In 2022, Amjad’s parents arranged her engagement to a Christian young man, leading her to resign from her teaching position. Months later, Bashir abducted her.
Three days after the abduction, a police complaint was filed at the Bayroot Hub Police Station. However, the police investigation did not ensure her safe return.
Amjad’s father, Amjad Masih, was quoted as saying that a court has denied his daughter’s return home despite her confession statement about her abduction, where she expressed her desire to live with her parents.
The victim’s statement was tampered with by a female judge, CLAAS-UK said, adding that the judge, under questionable circumstances, declared her married and thus ineligible to return to her parents.
Nasir Saeed, director of CLAAS-UK, expressed grave concerns over the judgment. After Amjad’s statement in court, imposing a decision against her will is legally unacceptable, he said.
Amjad has been in contact with her family, stating that she fears for her life and her family’s safety, the group said.

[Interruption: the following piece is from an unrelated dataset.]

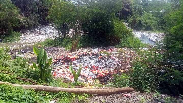 “Kondisinya memprihatinkan. Area pembuangan tampak dipenuhi berbagai jenis limbah, seperti produk makanan kedaluwarsa, limbah kelapa, hingga material yang diduga limbah non-organik, juga ada bekas pembakaran di sejumlah titik,” jelasnya.
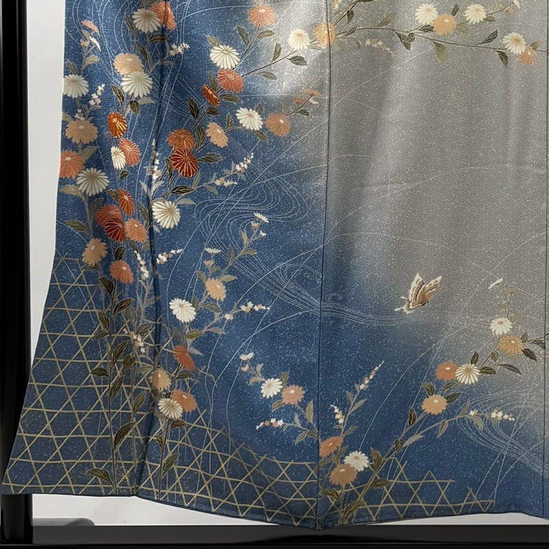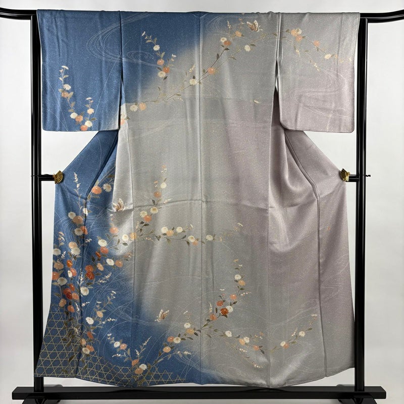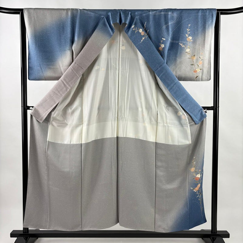 【訪問着】 灰色系 青灰色 秀品 A 約150cm~約159cm 裄丈63cm-64cm (M)size 袖丈48cm 9990-29990 美品 二万以下

It’s not an isolated incident but part of a broader pattern that puts Christian and Hindu minor girls at great risk in Pakistan, Saeed said, explaining that they are subjected to abuse and sometimes even prostitution, often with kidnappers escaping punishment. The suffering of victims continues until they are allowed to return home, he stressed.
While both the Pakistani government and the courts are aware of this issue, the international community must play a more active role in ending their persecution, Saeed urged.
Last June, the parents of a 15-year-old Roman Catholic girl in Punjab province reported a similar abduction. The girl’s father, Nadeem Masih, a sanitation worker at a textile factory, said his daughter, Saba Masih, was abducted on May 20, 2022, from the Madina Town area of Faisalabad city when she was going to work with her older sister. The family promptly called the police, but there was no progress in the case.
A 2014 report by a local group, The Movement for Solidarity and Peace Pakistan, estimated that hundreds of women and girls from Pakistan’s Hindu and Christian communities are abducted, forcibly married, and converted to Islam every year.
The U.S.-based International Christian Concern reported that religion is often injected into cases of sexual assault to place religious minority victims at a disadvantage. Perpetrators play upon religious biases to cover up and justify their crimes by introducing an element of religion.